Остальные цензоры с ученым видом согласились, что «историю и статистику нельзя изменять», и статью пропустили, исключив только выражение «добрые французы» на том основании, что «во Франции тогда не могло быть ни одного доброго человека».

При всем том охранители считали, что цензура еще недостаточно деятельна. Собственно защитников свободы печати мы среди деятелей 30-х годов не найдем. Даже Пушкин, так жестоко страдавший от цензуры и не менее жестоко ее высмеивавший, писал в своем втором послании к цензору:

 
Будь строг, но будь умен. Не просят у тебя,
Чтоб, все законные преграды истребя,
Все мыслить, говорить, печатать безопасно
Ты нашим господам позволил самовластно.
 

Тот самый Никитенко, который возмущался тупоумием цензуры, искренно считал, что нельзя печатать на русском языке записки Флетчера о Москве XVI века, потому что читатель сможет провести аналогию между управлением Ивана Грозного и Николая I. Нечего и говорить, что консерваторы-крепостники не только не протестовали против цензуры, но обвиняли ее в попустительстве. Видный представитель николаевской бюрократии, сенатор Н. Г. Дивов, подводя в своем дневнике итог истекшему 1832 году, записал: «Министерство народного просвещения не обладало достаточной энергией, чтобы обуздать периодические издания, содержания самого антимонархического и противного самодержавию. Тайная полиция с ее явными и тайными цензорами, с своей стороны, действовала в сем важном случае весьма вяло. Сам граф Бенкендорф как будто находился под обаянием этих писак; можно опасаться последствий этой небрежности».

Таким образом, ни «высшее общество», ни «средний класс», ни сами писатели, по существу, не протестовали против полицейской организации цензуры.
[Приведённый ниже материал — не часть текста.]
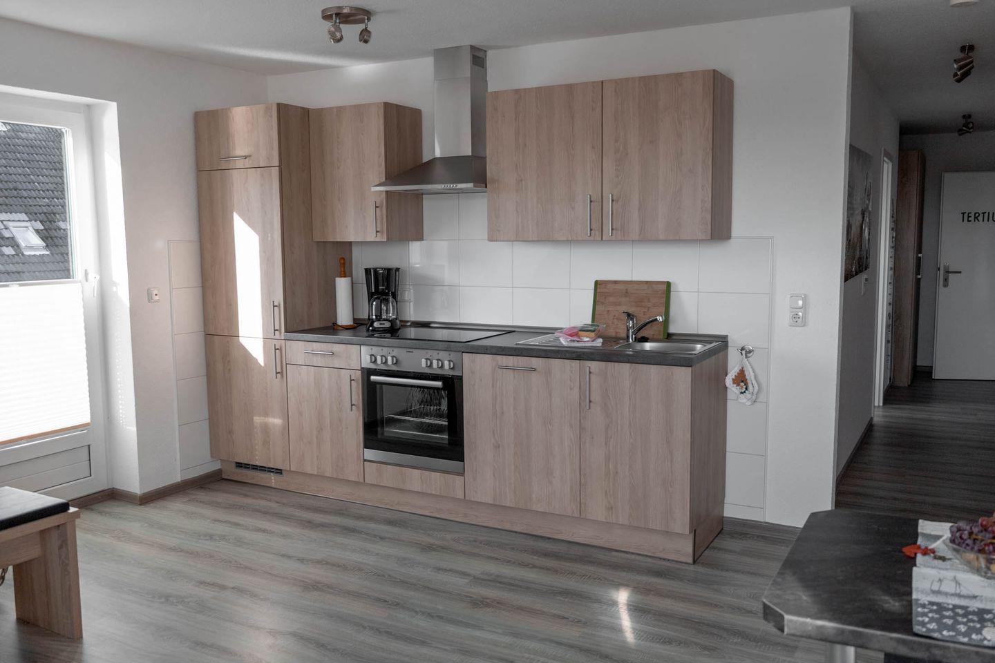 Die offene Küche ist zum Wohnzimmer hin ausgerichtet und verfügt über eine hochwertige Ceran-Kochfläche, einen Backofen, einen Kühlschrank sowie eine Spülmaschine. Ergänzt wird die Küchenausstattung durch eine Kaffeemaschine, einen Toaster, einen Wasserkocher sowie sämtliche notwendigen Küchenutensilien, Geschirr und Besteck. Ein Esstisch im Essbereich eignet sich ideal für gemeinsame Mahlzeiten.
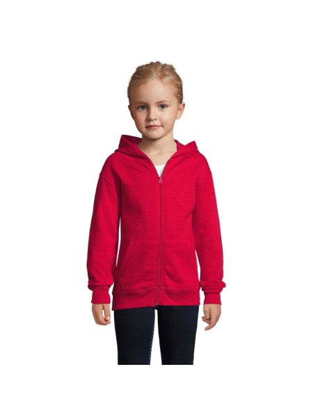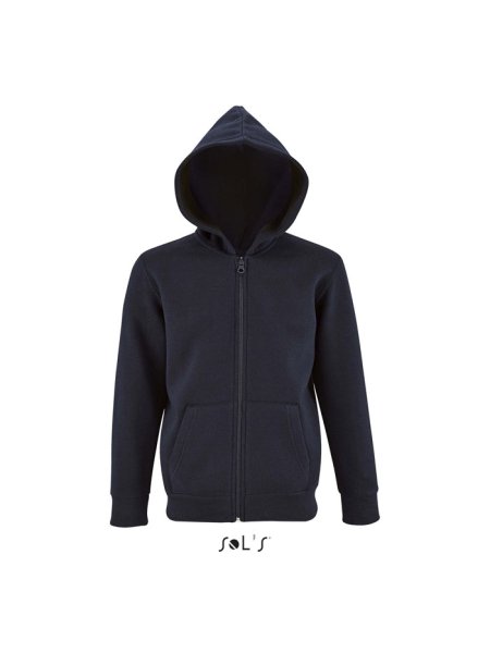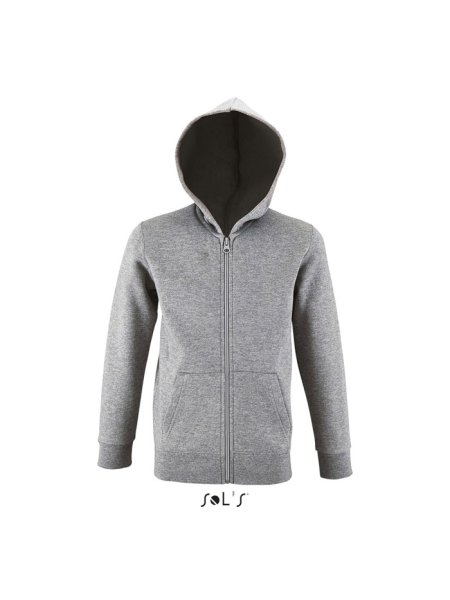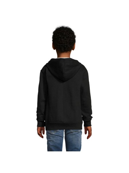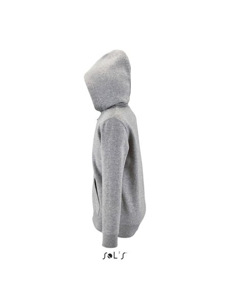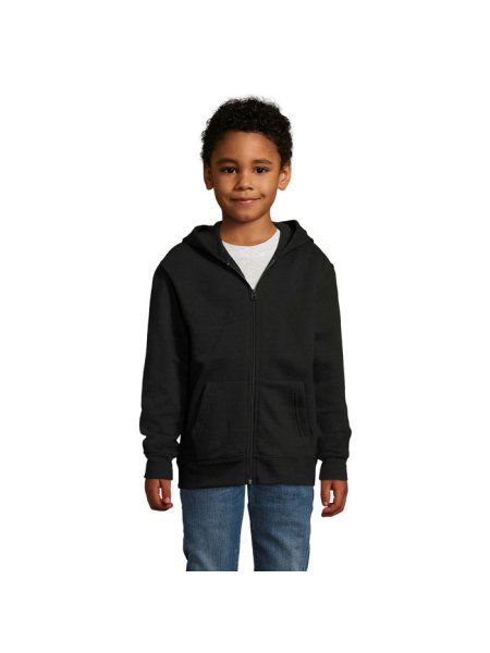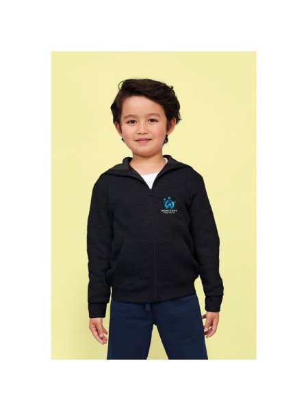 Stone Kinder-Hoodie zum Bedrucken (SOL'S): Diese Kapuzenjacke mit durchgehendem Reißverschluss bietet optimalen Komfort. Sie ist mit zwei praktischen Kängurutaschen, Rippenbündchen am Saum und an den Ärmeln sowie Seitennähten ausgestattet. Die Jacke ist "No Label" für einfache Personalisierung. Material: 260 g/m², innen angerautes Material aus 50 % Baumwolle und 50 % Polyester. Verfügbare Größen: 6 Jahre (106–116 cm), 8 Jahre (118–128 cm), 10 Jahre (130–140 cm), 12 Jahre (142–152 cm).

Наоборот, некоторые литераторы даже предпочитали переходить под непосредственный контроль III Отделения, рассчитывая на большую независимость и меньшую осведомленность жандармов по сравнению с обычными цензорами. И, как правильно замечает М. К. Лемке, «самое нахождение массы писателей николаевского времени в рядах цензоров (Сенковский, Аксаков, Вяземский, Глинка, Тютчев, Никитенко, Очкин и др.) служит разительным доказательством» отсутствия разногласий между литературной средой и жандармским начальством.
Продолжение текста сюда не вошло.